Nothing but the lines from the start of the entries below through the line containing "- श्री बाराही" should appear in the answer, copied exactly and free of pictures.
==== Record set ====
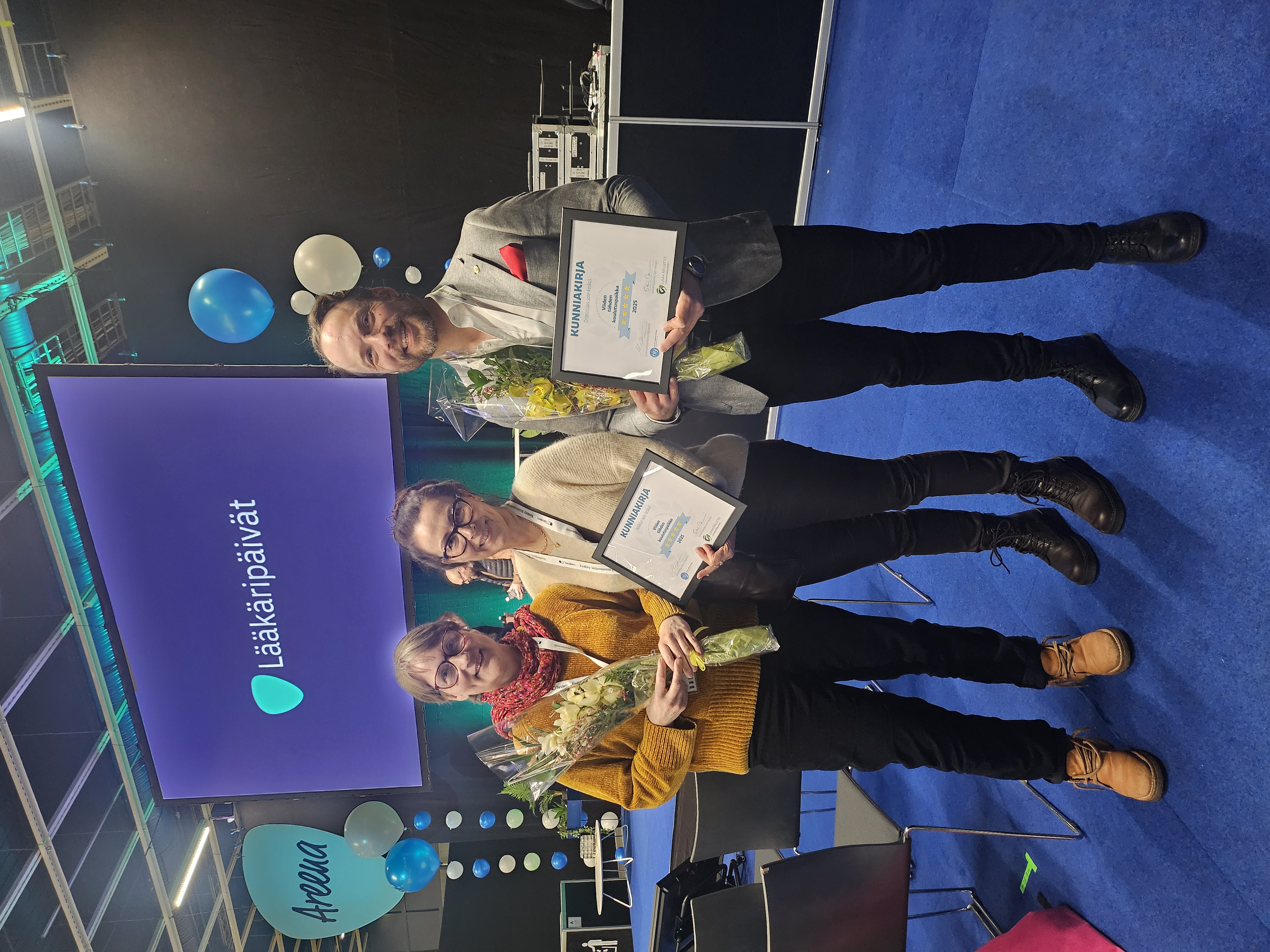 Korpi oli mukana, kun Hollolan ja Orimattilan sote-keskusten edustajat vastaanottivat tunnustuksen menestymisestä vuosittaisilla Lääkäripäivillä.
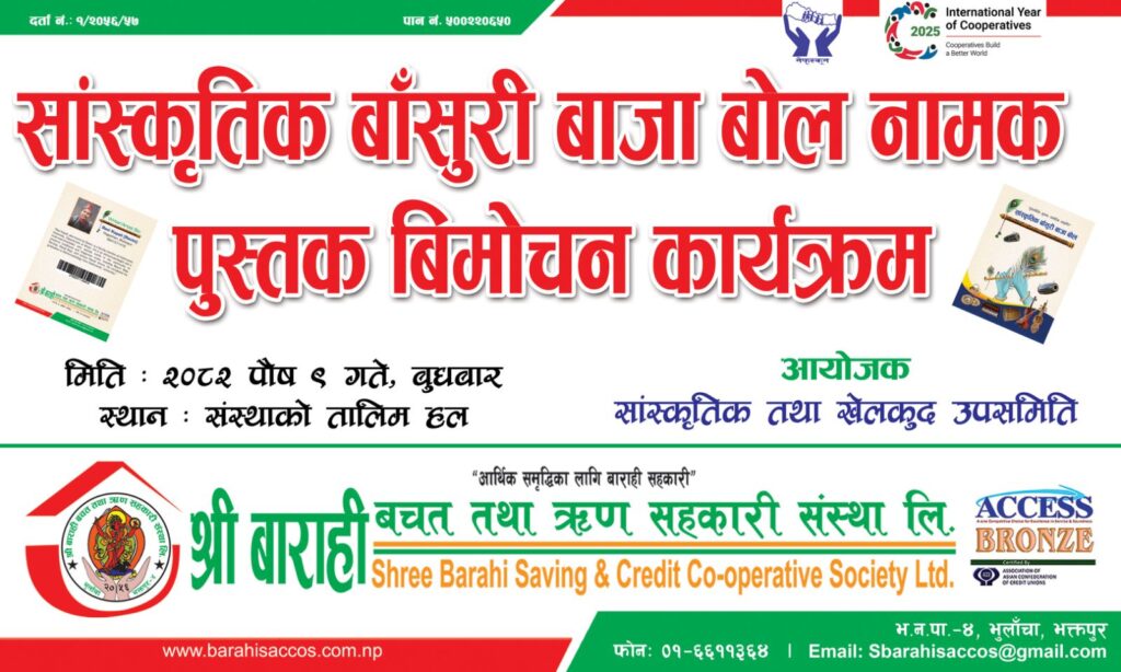 - श्री बाराही साकोसमा रभिम कपाली द्धारा लिखित सांस्कृतिक बाँसुरी बाजा बोल पुस्तक विमोचन
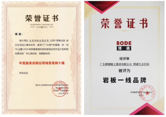 博德生態(tài)巖板憑借優(yōu)越的性能、豐富的應用方式獲得行業(yè)的認可與表彰,今年曾獲“最美巖板應用場景案例十強”,“巖板一線品牌”稱號。
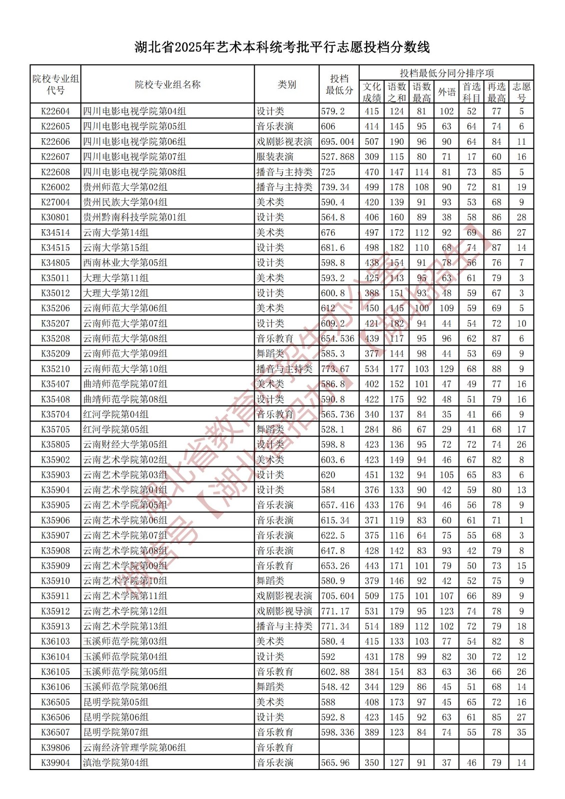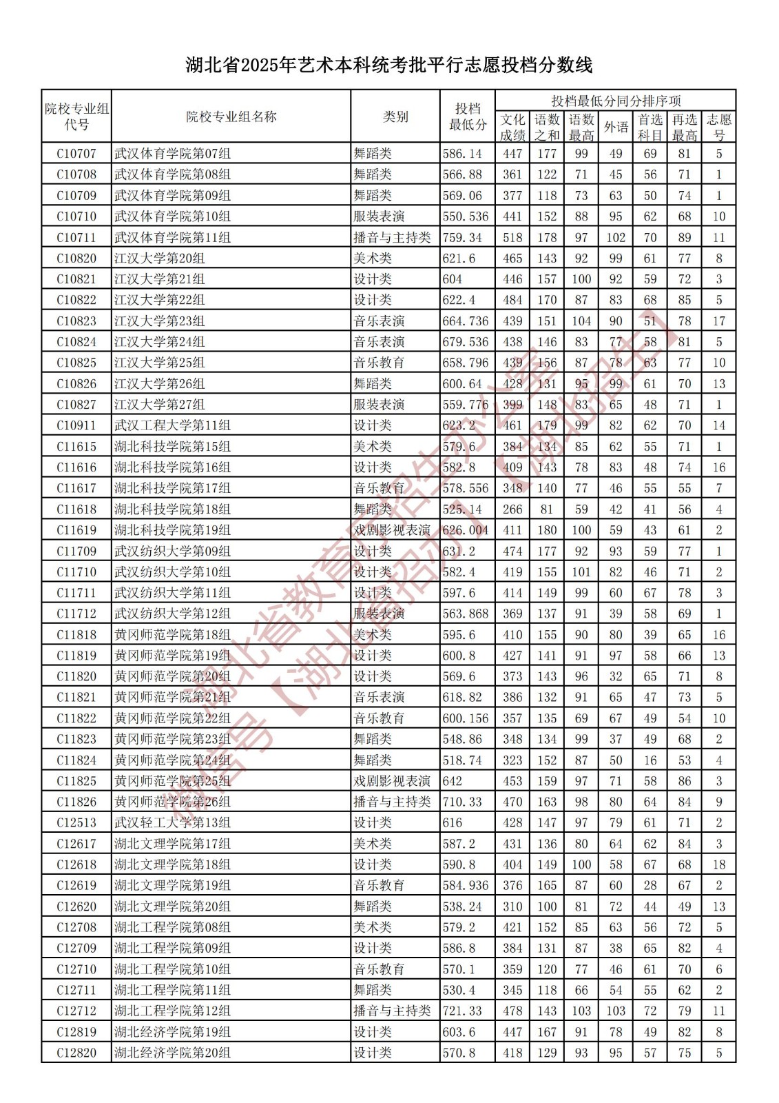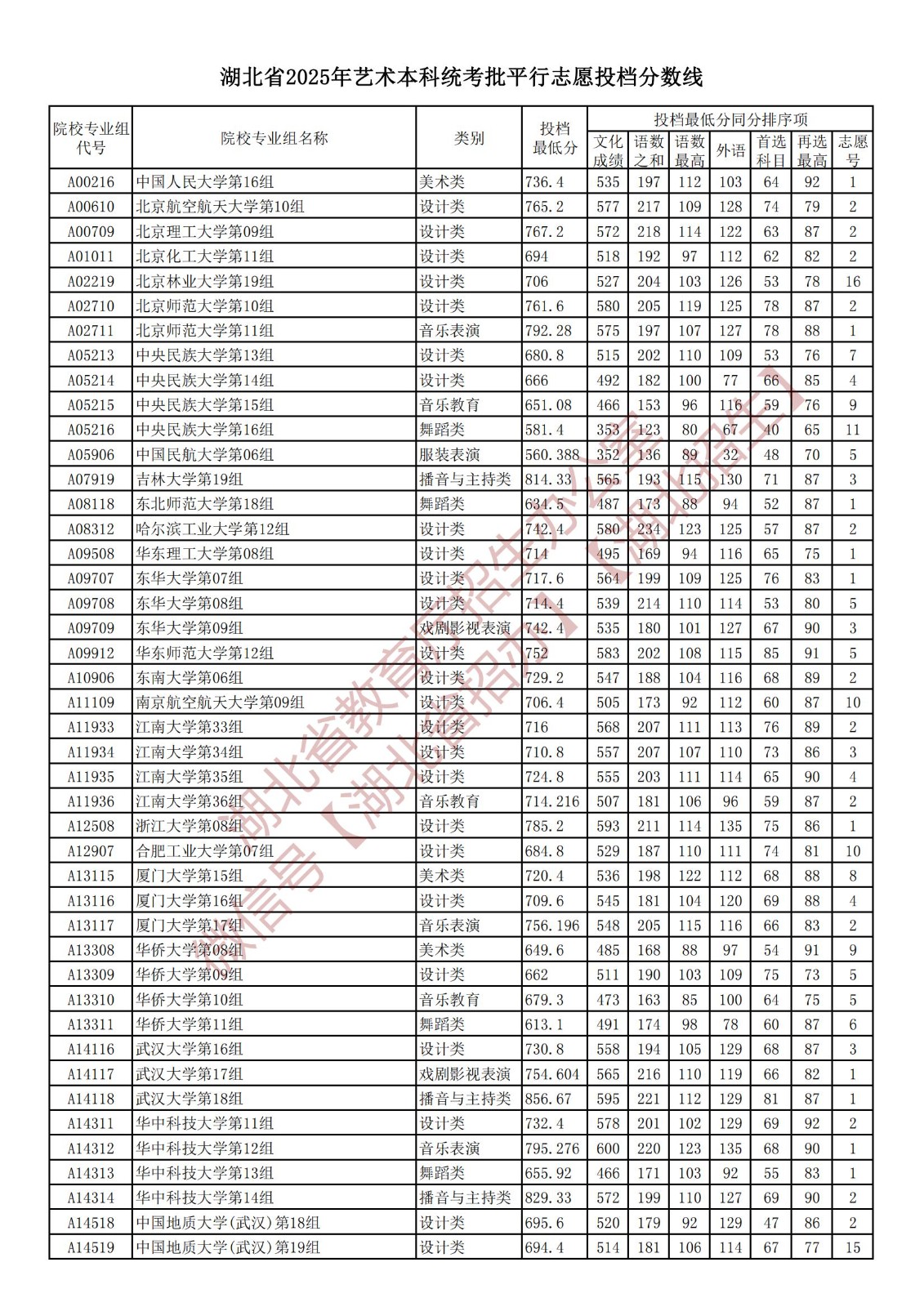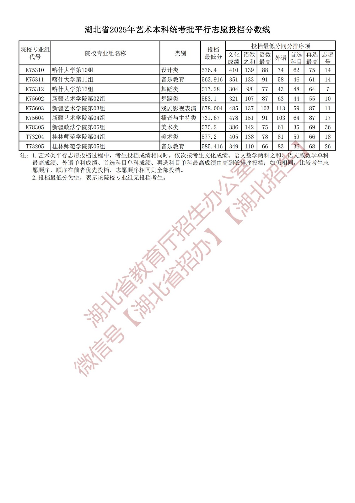 湖北省2025年普通高校招生藝術(shù)類本科統(tǒng)考批平行志愿投檔分?jǐn)?shù)線正式揭曉!這一關(guān)鍵數(shù)據(jù)的發(fā)布,為全省藝術(shù)類考生填報(bào)本科階段志愿提供了最權(quán)威的依據(jù)。作為湖北高考藝術(shù)類招生錄取的重要環(huán)節(jié),本次公布的投檔分?jǐn)?shù)線涵蓋了音樂學(xué)類、舞蹈學(xué)類、戲劇與影視學(xué)類(含播音與主持藝術(shù)、廣播電視編導(dǎo))、美術(shù)學(xué)類、設(shè)計(jì)學(xué)類等主要統(tǒng)考類別下的各招生院校及專業(yè)。考生需特別注意,藝術(shù)類投檔依據(jù)的是?按省統(tǒng)一規(guī)則計(jì)算的專業(yè)綜合分(專業(yè)統(tǒng)考成績占比通常較高)?,請(qǐng)對(duì)照自身類別和綜合分,精準(zhǔn)定位目標(biāo)院校。
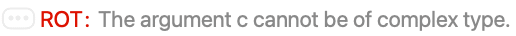 x input/output symbol vector; the symbol value is modified in place y input/output symbol vector; the symbol value is modified in place c input expression real-valued scalar s input expression scalar - ROT[x,y,c,s] is equivalent to {x,y}={{c,s},{-Conjugate[s],c}}.{x,y} where x and y are row vectors.
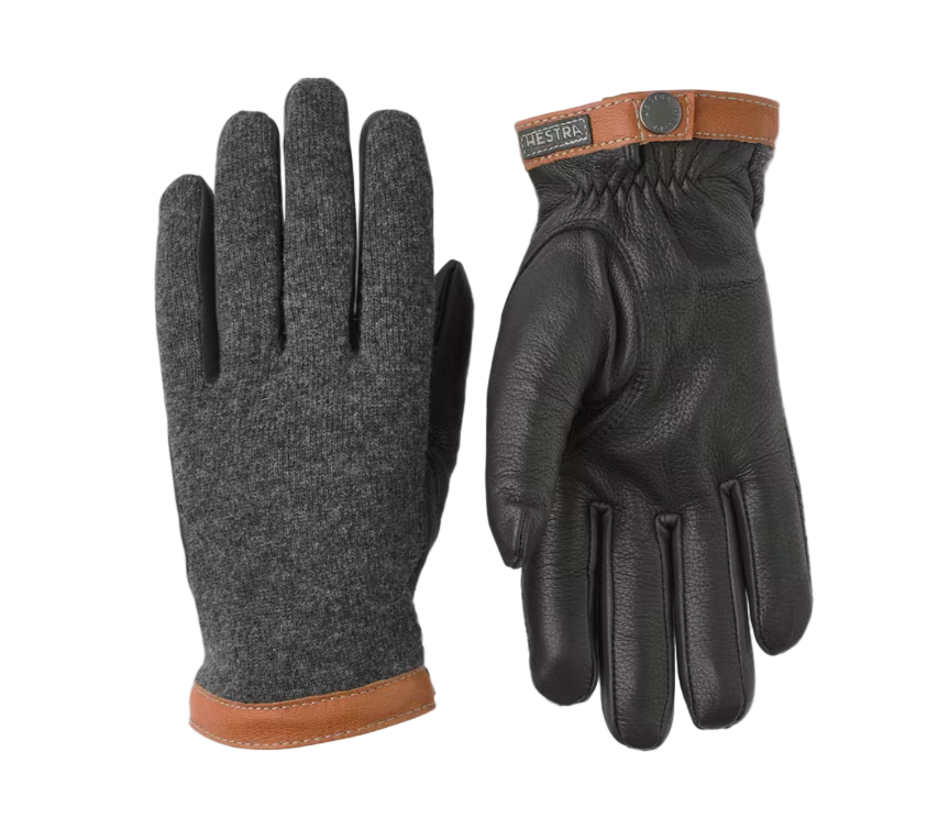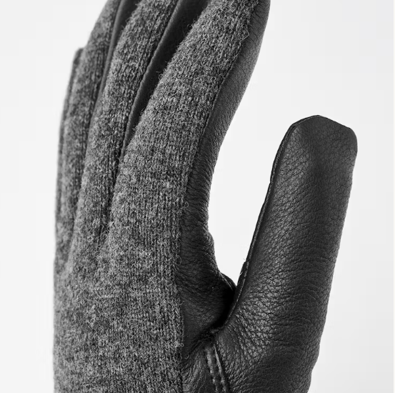 Hestra Deerskin Wool Tricot Glove in Charcoal/Black
====
Answer for the task
 Korpi oli mukana, kun Hollolan ja Orimattilan sote-keskusten edustajat vastaanottivat tunnustuksen menestymisestä vuosittaisilla Lääkäripäivillä.
 - श्री बाराही साकोसमा रभिम कपाली द्धारा लिखित सांस्कृतिक बाँसुरी बाजा बोल पुस्तक विमोचन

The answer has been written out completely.